• _What you should do_: Drop the pictures; give again exactly the lines from the one holding "足下確認しながら一步一步" through the end of the data.

- Opening Delimiter -

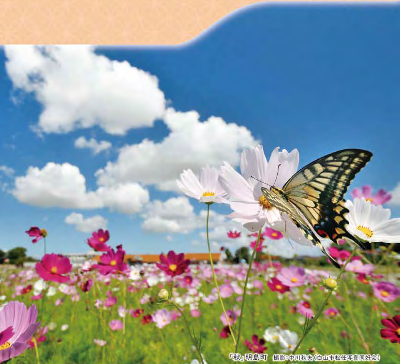
「秋」明島町
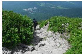
足下確認しながら一步一步
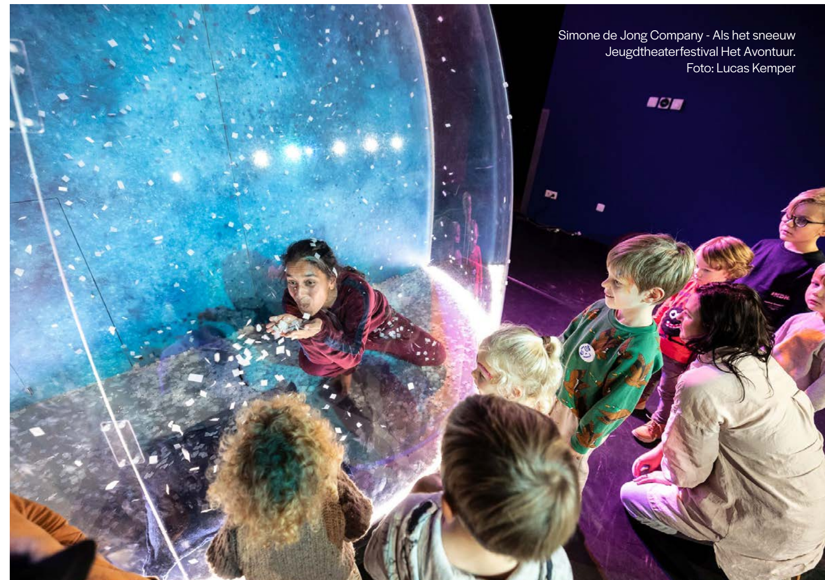
Simone de Jong Company - Als het sneeuw Jeugdtheaterfestival Het Avontuur.
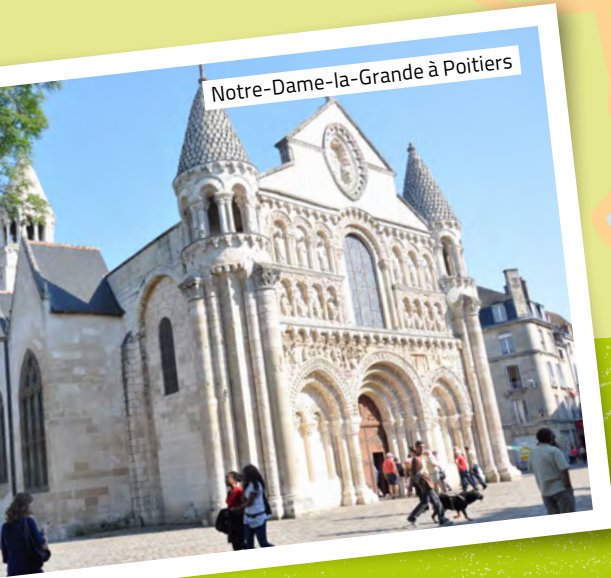
Notre-Dame-la-Grande à Poitiers

Ruffec Nanteuil-en-Vallée Vers Angoulême
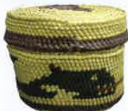
オルカ漁図入り蓋付小物入れ / カナダ・ソルトスプリング島 / ヌートカ族 / 1980年代

- Closing Delimiter -

• _Solution for this problem_:
足下確認しながら一步一步
Simone de Jong Company - Als het sneeuw Jeugdtheaterfestival Het Avontuur.
Notre-Dame-la-Grande à Poitiers

Ruffec Nanteuil-en-Vallée Vers Angoulême
オルカ漁図入り蓋付小物入れ / カナダ・ソルトスプリング島 / ヌートカ族 / 1980年代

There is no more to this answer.